The first building of the mausoleum has no reliable data. It is believed that after the death of Ibrahim (1096?) in the first half of the XII century (the mausoleum stands on the cultural layers of the Karakhanid era), a memorial structure - a mausoleum - was erected over its burial place. Further, the periods XII-XIV, XVII, early XX century are called. This periodization does not leave the field of assumptions. The evidence of P.P. Ivanov that the existing building was erected in the 1880s is closer to reality. In 1950 the dome was destroyed by an earthquake, after which the mausoleum was covered with metal roofing. In the early 1990s, the road to Mankent was moved 20 m west of the monument, and the base of the hill was fortified by an earthen berm. In 2012-2013, a cardinal restoration was carried out, which recreated the canonical appearance of the monument. The spherical-conical dome on the cylindrical drum was completely restored, the pylons and arches of portals were rebuilt, multiple deformations and cracks were removed, and later layers (iron roof, plaster and whitewash) were removed.
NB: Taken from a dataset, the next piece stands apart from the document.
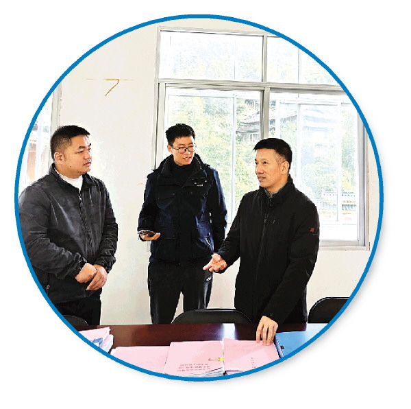 平等镇党委书记伍先军(右一)到太平村委调研。
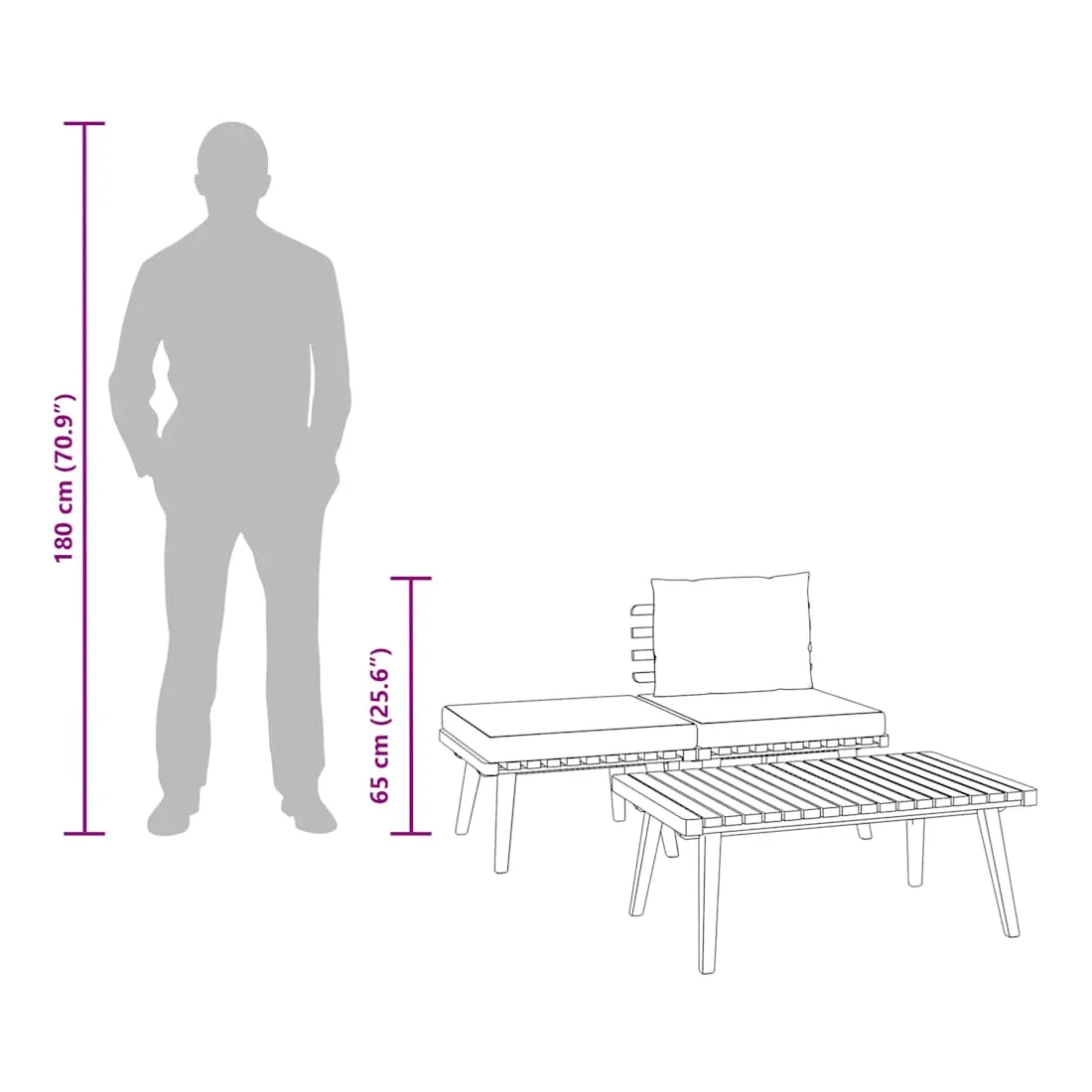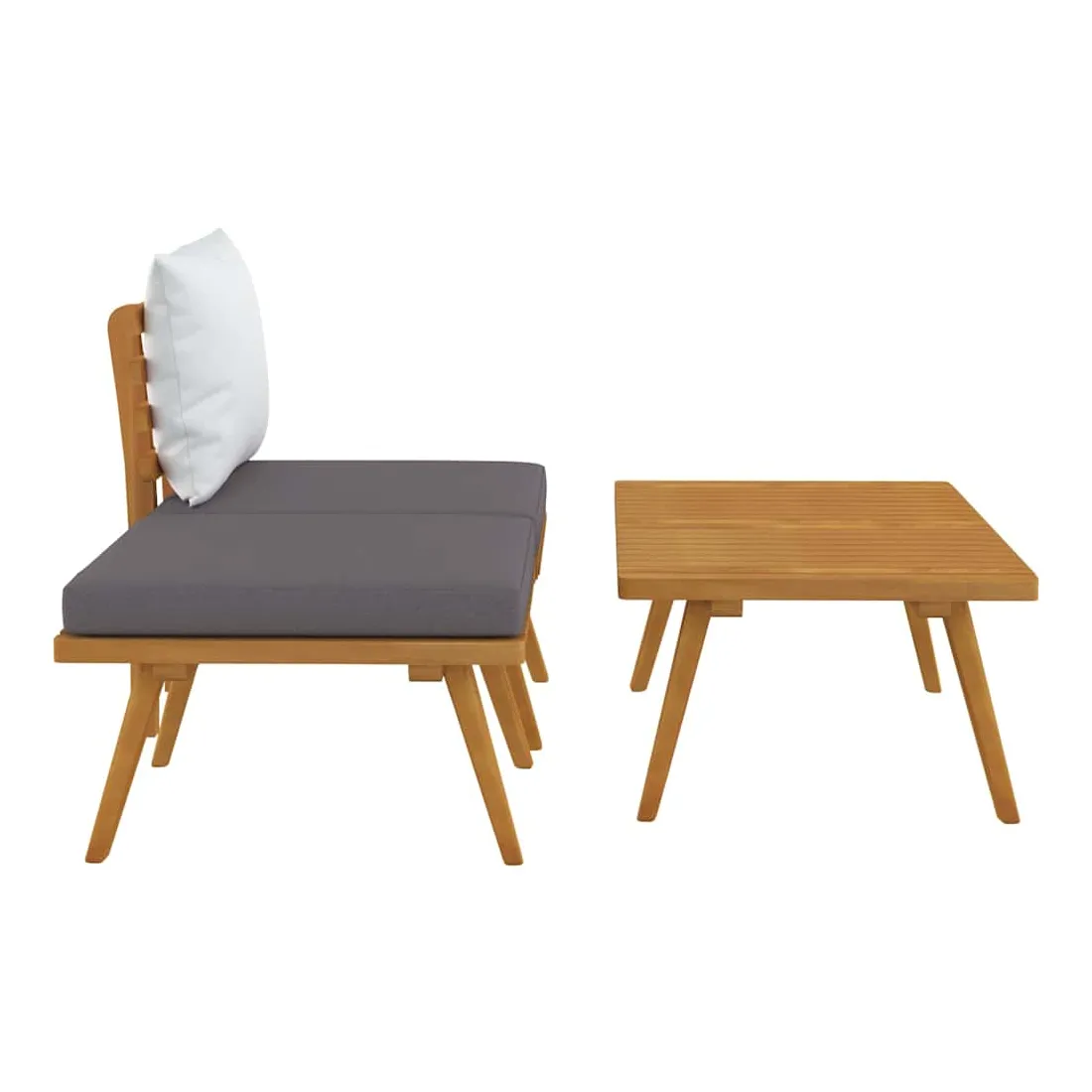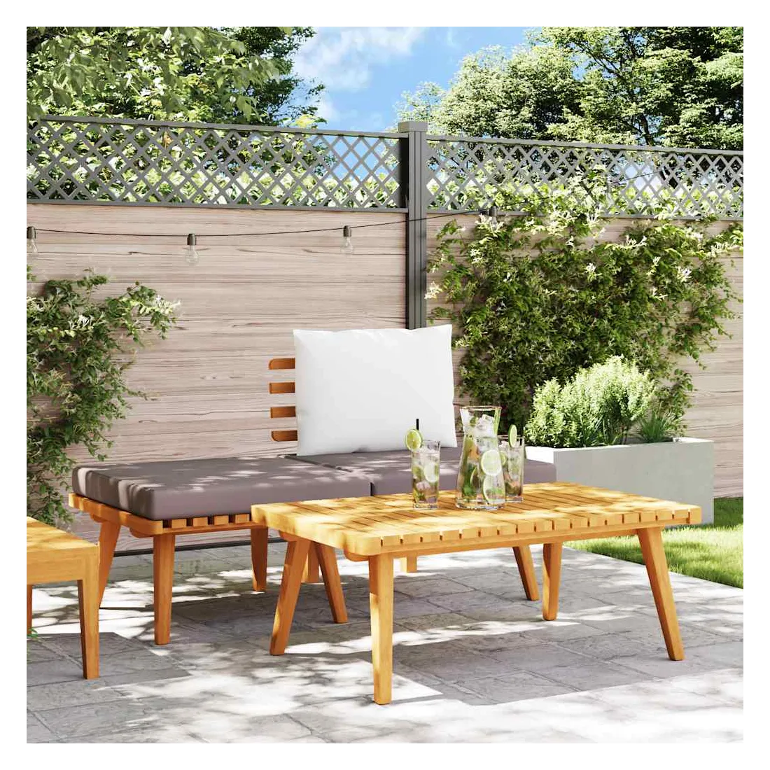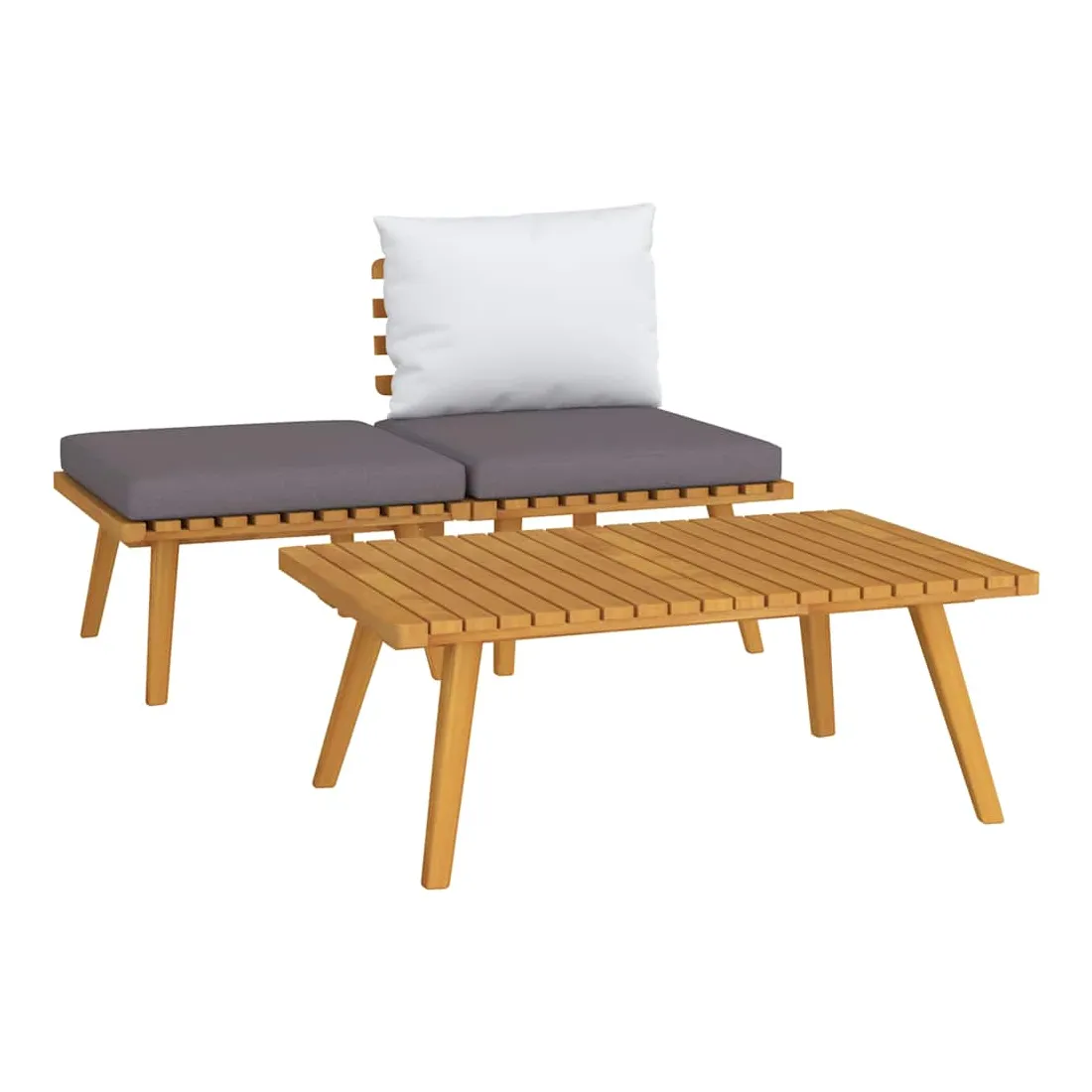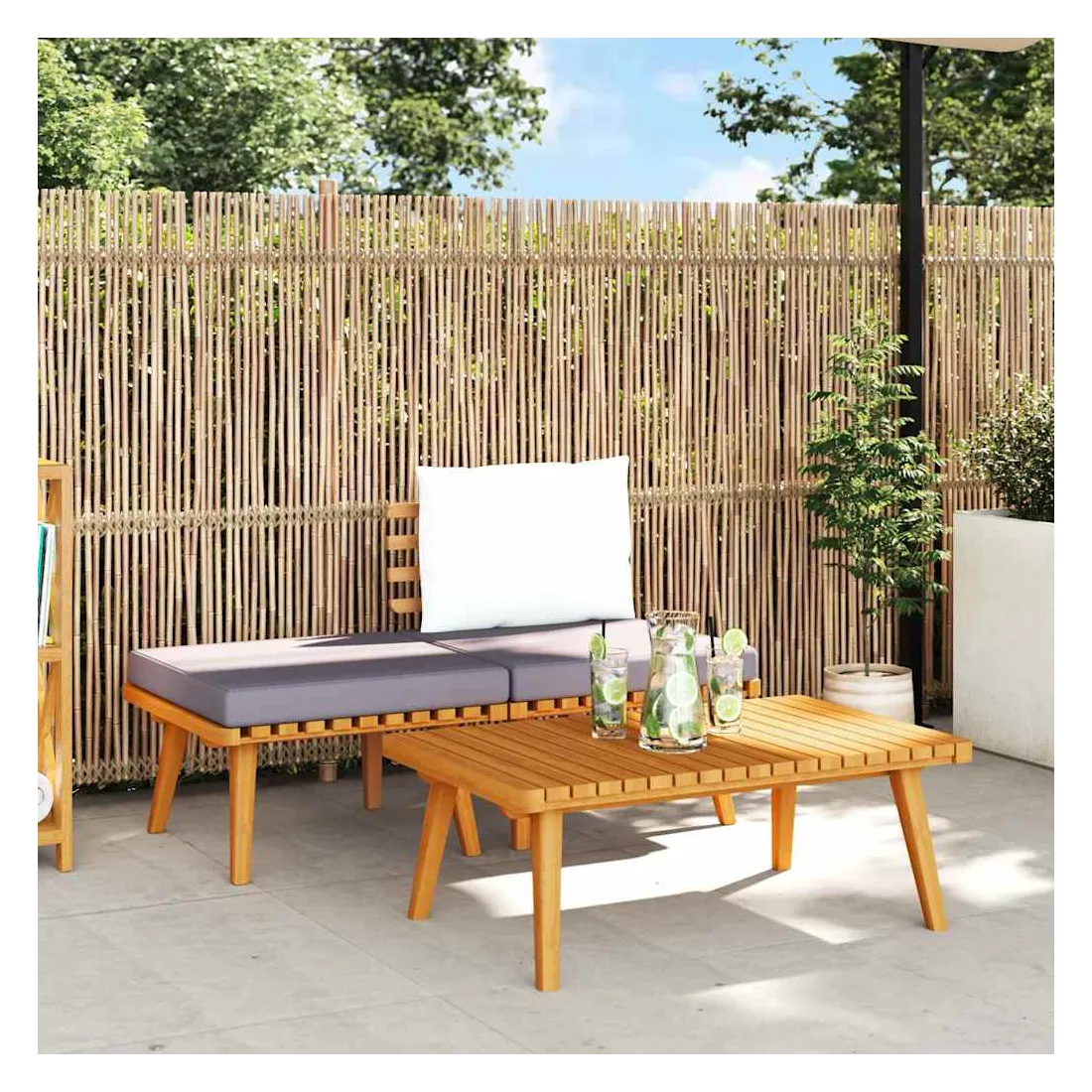 Cet ensemble de salon de jardin est un excellent choix pour vous détendre et profiter du temps, faire une sieste ou discuter avec votre famille ou vos amis. Avec un design à lattes intemporel, l’ensemble de salon en bois ajoute une touche de charme rustique à votre patio, terrasse ou jardin. Fabriqué en bois d’acacia massif, l’ensemble de meubles d’extérieur est résistant aux intempéries et hautement durable. Combiné avec les coussins bien rembourrés, ce salon de jardin offre le plus grand confort. Vous pouvez le combiner avec d’autres segments modulaires pour créer vos propres configurations de salon de jardin ! Remarque : Afin de prolonger la durée de vie de vos meubles d'extérieur, nous vous recommandons de les nettoyer régulièrement et de ne pas les laisser à l'extérieur sans protection inutilement.Nettoyage : Utiliser une solution savonneuse douceStockage : Si possible, stockez dans un endroit frais et sec à l'intérieur. Si le produit est stocké à l'extérieur, protégez-le avec une housse imperméable. Essuyez et séchez l'excès d'eau ou de neige des surfaces planes après la pluie ou une chute de neige. Permettez une circulation d'air suffisante afin d'éviter les dommages liés à l'humidité.

The portal-dome mausoleum. The volumetric-spatial composition is strictly divided into the basic cubic volume with a square tomb, a spherical-conical dome on a cylindrical drum and two portals. The building (dimensions 7.3×7.15 m, height up to restoration 6.8 m) is composed of square bricks (21×21×5 cm) on a ganchak solution. The original dome was double. After the destruction, the inner dome was covered with a four-gable sheet iron roof with the resemblance of a dome at the top. The monument remained so until the beginning of the 2010s. The dome structures are extremely simplified, the transition from square in terms of gurkhana to the round base of the dome is carried out with the help of the simplest thyroid sails, supported by lancet arches in the walls of the interior.
A compositional feature that distinguishes the construction into a special subtype of portal-dome mausoleums is the presence of two equivalent portals placed at the corner, forming, respectively, the north-western and south-western facades of the building. This feature is connected with the sacral content of the mausoleum, dictated by the Sofia rituals of worship of the holy grave, which in this case exclude the circular bypass (tavaf) of the mausoleum, as well as the tombstone itself, placed not in the center, but in the western niche close to the wall of the gurkhana. The portals retain the features of a classic peshtak with a lancet arch embedded in it. The face surface of pylons is treated not by usual lancet, rectangular and square niches, but by single narrow vertical niches. In the southwest portal there is an entrance with a rectangular light aperture above it, filled with a grid (panjara). A window aperture with panjara is made in the northwest portal's pinnacle wall.
The walls in the interior are plastered. On the northern wall until the early 1960s one could see the remains of an Arabic inscription. The floors are laid with tiled square bricks. Architectural monument of republican importance. Since 1982 it has been protected by the state. The object of pilgrimage and religious tourism.